Diapositiva 6 — Tecnologia e competenze
Analisi della “efficienza della curvatura cervico-incisale”
“Il digitale rappresenta una straordinaria opportunità, ma nessun software può sostituire la conoscenza della morfologia dentale, della funzione e dei principi che guidano la progettazione.”
Diapositiva 7 — Studio del dente
Studiare il dente nella sua posizione naturale
“Studiare il dente e i suoi rapporti nella posizione naturale sull’arco significa imparare a vedere. Significa comprendere forme, volumi, proporzioni e dettagli che nessuna libreria digitale può insegnare da sola.”
Diapositiva 8 — Caso clinico · Dott. Alberto Libero
Disilicato / Micro-stratificazione
La posizione in arco garantisce la corretta “scorrevolezza della luce sui restauri” evitando eccessivi contrasti di chiaro-scuro.
“Il futuro appartiene a chi saprà integrare innovazione tecnologica, cultura professionale e passione per il proprio lavoro. Non scegliamo tra tradizione e innovazione: facciamole dialogare.”

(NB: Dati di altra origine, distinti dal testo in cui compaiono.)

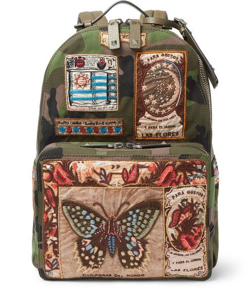 Valentino Leather Trimmed Appliqued Camouflage-Print Canvas Backpack
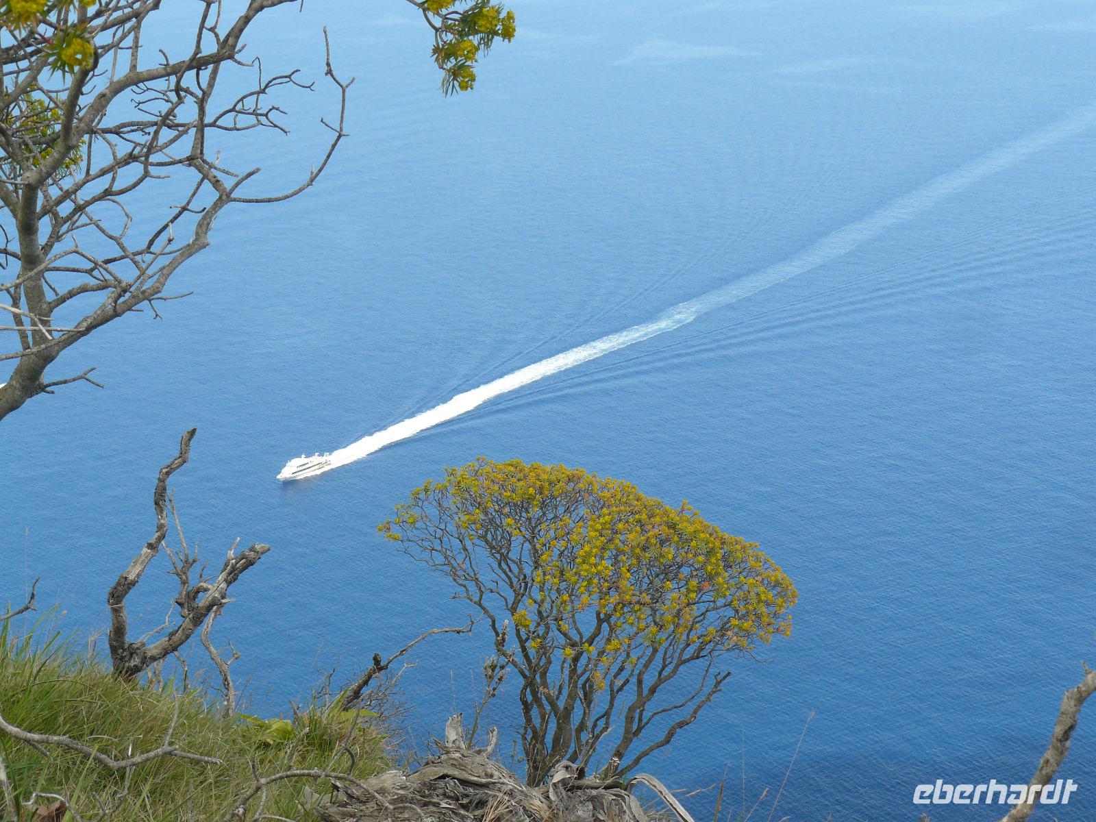 Die halbe Gruppe wanderte noch weiter mit mir hoch zur Villa Jovis. Wir genossen die Aussicht auf die Küste und durchschritten das Zuhause von Kaiser Tiberius oder das, was noch davon übrig ist. Einige Gäste wanderten mit mir zusammen zu Fuß zum Hafen hinunter, andere zogen es vor mit der Funicolare abwärts zu fahren. Am Hafen von Marina Grande trafen wir uns wieder und zum Abschluss besorgte ich noch Eis für alle, die auffindbar waren. Das Meer war ruhig und wir genossen die Abendstimmung auf dem Wasser bei unserer Rückreise per Boot. Und mir wurde an diesem Tag ein neuer „Titel" verliehen. „capo di gruppo" heißt so viel wie „der Leiter der Gruppe" und so werden Reiseleiter ab und zu mal genannt von den Italienern. Ich weiß nicht wer darauf kam, aber aus „capo" wurde irgendwie „polpo". Ein polpo ist ein Polyp, ein Oktopuss, einer mit vielen Fangarmen, durchaus essbar, gegrillt oder gegart und oft mit Essig und Öl als Salat serviert... Ich hatte Glück - ich wurde nicht gefressen. Und manchmal wünschte ich mir wirklich viele Fangarme um Euch alle mal richtig zusammenhalten zu können! Mein neuer Rufname lautete nun also „polpo di gruppo". Schmunzelnde Italiener warfen mir nun sobald ich gerufen wurde sonderbare Blicke zu.

Diapositiva 9 — Caso clinico · Dott.ssa Rosalia Rappa
“L’artista immagina, il designer progetta, l’artigiano realizza. L’odontotecnico d’eccellenza deve saper fare tutte e tre le cose.“
Diapositiva 10 — Caso clinico · Dott.ssa Rosalia Rappa
Restauro completo delle arcate — Zirconia / Ceramica / Ceramica micro-stratificata
“La sfida dell’odontotecnico contemporaneo è trasformare la conoscenza in progetto, il progetto in manufatto e il manufatto in valore per il paziente.”
Diapositiva 11 — Caso clinico · Dott. Paolo Giannetti
Restauro 13-23 — Zirconia / Ceramica / Ceramica micro-stratificata
“Prima di modellare un dente bisogna imparare a guardarlo. Il disegno trasforma l’osservazione in conoscenza e la conoscenza in qualità.”
Diapositiva 12 — Disegno e scultura come strumenti di conoscenza
“Ogni opera nasce due volte: prima nella mente e poi nella materia.”
Il bozzetto grafico non è una semplice rappresentazione dell’idea, ma il momento in cui l’occhio analizza, seleziona e comprende forme, volumi, proporzioni e rapporti spaziali. La scultura in argilla rappresenta la traduzione tridimensionale di questo processo.
Disegnare significa imparare a vedere. Modellare significa verificare ciò che si è compreso. Tra il foglio e l’argilla si sviluppa quel percorso cognitivo che trasforma l’osservazione in conoscenza e la conoscenza in progetto.
Anche in odontotecnica i restauri più credibili non nascono dall’improvvisazione, ma dalla capacità di osservare, analizzare e progettare. Il disegno rimane uno degli strumenti più efficaci per educare la percezione visiva e sviluppare una reale comprensione della forma.
Diapositiva 13 — Poliarkos
Questa forma non nasce per raccontare ciò che è concluso, ma ciò che continua a nascere.
È dedicata a chi vive nel movimento dell’idea, a chi vede possibilità dove altri vedono confini, a chi apre strade prima ancora di sapere dove portano.
Dentro questa materia convivono più direzioni, come nel tuo pensiero: alcune si incontrano, altre si sfiorano, altre restano in attesa. Non è mancanza di compimento, ma abbondanza di inizi.
La luce che la attraversa non cerca un centro, perché il centro non è mai fermo. Cambia, si sposta, ritorna. Come i progetti che abitano la tua mente.
Questa scultura non chiede di essere finita. Chiede di essere accompagnata.
Ogni volta che la luce muta, la forma ricomincia. Che possa ricordarti che la vera forza non è solo nel portare a termine, ma nel generare, nel tenere aperto, nel non smettere di immaginare.